= Beginning of Section =
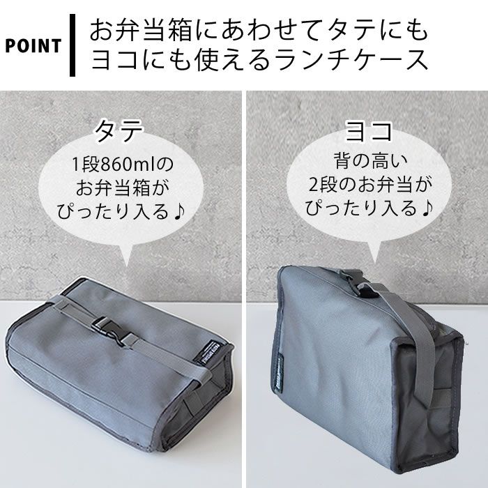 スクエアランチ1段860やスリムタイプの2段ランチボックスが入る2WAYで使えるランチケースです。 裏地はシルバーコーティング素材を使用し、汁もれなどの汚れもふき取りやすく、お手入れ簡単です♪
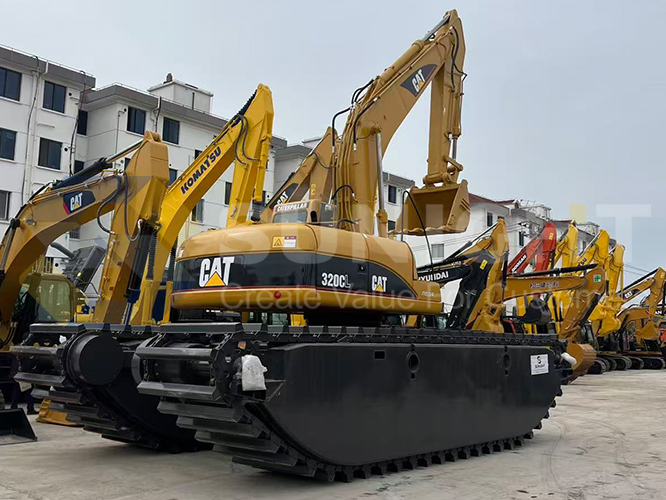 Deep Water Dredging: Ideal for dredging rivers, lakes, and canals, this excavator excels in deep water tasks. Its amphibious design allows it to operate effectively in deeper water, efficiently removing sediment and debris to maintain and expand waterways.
= End of Section =
= Beginning of Section =
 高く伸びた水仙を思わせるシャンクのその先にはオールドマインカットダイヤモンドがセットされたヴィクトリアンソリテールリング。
= End of Section =
> **THE TASK**: Would you output the lines above from the line holding "スクエアランチ1段860やス" up to and including the line holding "Deep Water Dredging: Ideal", exactly and only those, with no pictures?

> **WRITTEN SOLUTION**:
 スクエアランチ1段860やスリムタイプの2段ランチボックスが入る2WAYで使えるランチケースです。 裏地はシルバーコーティング素材を使用し、汁もれなどの汚れもふき取りやすく、お手入れ簡単です♪
 Deep Water Dredging: Ideal for dredging rivers, lakes, and canals, this excavator excels in deep water tasks. Its amphibious design allows it to operate effectively in deeper water, efficiently removing sediment and debris to maintain and expand waterways.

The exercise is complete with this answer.